The governor, who is to address a joint session of the General Assembly at 1 p.m. today, said last night, "I'm optimistic. I think they'll come to a compromise."

Asked if he feared the legislature's failure to enact a budget could jeopardize the state's coveted triple-A bond rating, Mr. Schaefer replied: "Today, no. I think we're still all right. . . . [But] if we stay at doomsday, I have some doubts."

Senate President Thomas V. Mike Miller Jr., D-Prince George's, said, "We'll meet with the governor tomorrow and hopefully in two days we'll do what we should have been able to do in 90 days."

But House Speaker R. Clayton Mitchell Jr., D-Kent, said if the Senate had done what the House did -- pass a "responsible and balanced budget" -- the session would be over.

And he predicted that when the assembly reconvenes, "This house will do the responsible thing. We will do it. And we'll have to convince the Senate to do the right thing, too."

The session's last gasp actually came at 9:30 p.m., when the filibuster-threatened Senate voted 25-22 to kill a House proposal that would have raised $200 million in taxes to balance the budget, nearly $50 million more to pay for local aid programs (primarily for Baltimore and Prince George's and Montgomery counties), and a nickel-a-gallon gasoline tax that would have restarted the state's stalled road construction program.

The vote shifted the pressure to the House, which had possession of three Senate bills that could have served almost the same purposes.

"I think it's pretty clear that this bill is not going to pass and if we're going to be a budget tonight, it wil have to come from across the hall," Senate Budget and Taxation Committee Chairman Laurence Levitan, D-Montgomery, said after the vote.

But the House and Senate bills differed fundamentally in the way the new taxes would be raised -- the House favoring increases in income and corporate taxes, the Senate favoring expansion of the sales tax. Neither side would give in.

Last night the two houses were tentatively scheduled to return to session at 1 p.m. today to hear the governor's speech, then recess for a day to cool off. They plan to reconvene Thursday to adopt the doomsday budget, and then return Monday to begin work on a new tax and capital construction plan.

Besides cutting aid to schools, agencies and the poor, the doomsday budget would have slam-dunked local governments by slashing another $95 million in state aid on top of $250 million in reductions already approved.

"It is starting to turn into a bittersweet day for Baltimore," said Mayor Kurt L. Schmoke, who went from the Orioles' Opening Day victory to the legislature's closing night defeat.
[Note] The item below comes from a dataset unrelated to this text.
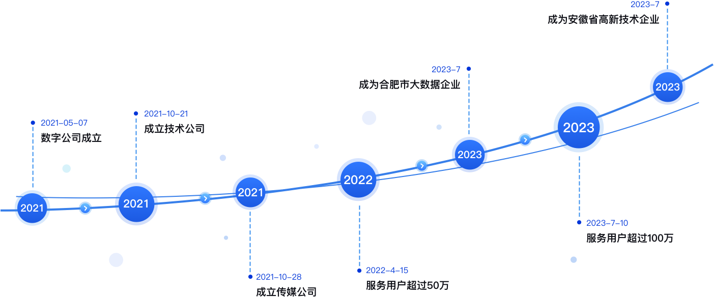 公司于2021年5月份成立,目前主要負責智慧肥西政府端及居民端建設、干事檔案開發、廣告位管理等項目的代建及運營工作,并于2021年11月分別組建了軟件類和傳媒類全資子公司。

"Everyone felt so euphoric this afternoon, and now we're looking a budget that could do a lot of harm for a lot of years," he said.

In an extended session, however, the "doomsday" list of additional budget cuts could be revised. And, if a subsequent agreement can be reached on taxes, that list could be partly or completely replaced with new revenues.

Local governments were put squarely in jeopardy by last night's actions.

By killing the tax bill, it means Baltimore and the 23 counties will lose $88.5 million in state aid to help offset the state's Fiscal Year 1992 budget deficit rather than a $50 million hit if the tax bill had passed.

Also defeated with the tax package was expansion of local authority to raise piggyback income tax rates, a move long intended to offset the huge cuts in state aid.

Without that additional taxing authority, local governments would have little choice but to lay off employees, cut services, raise property taxes, or do all of those things.

By failing to pass an operating budget, the legislature was prohibited from voting for a state construction budget for next year.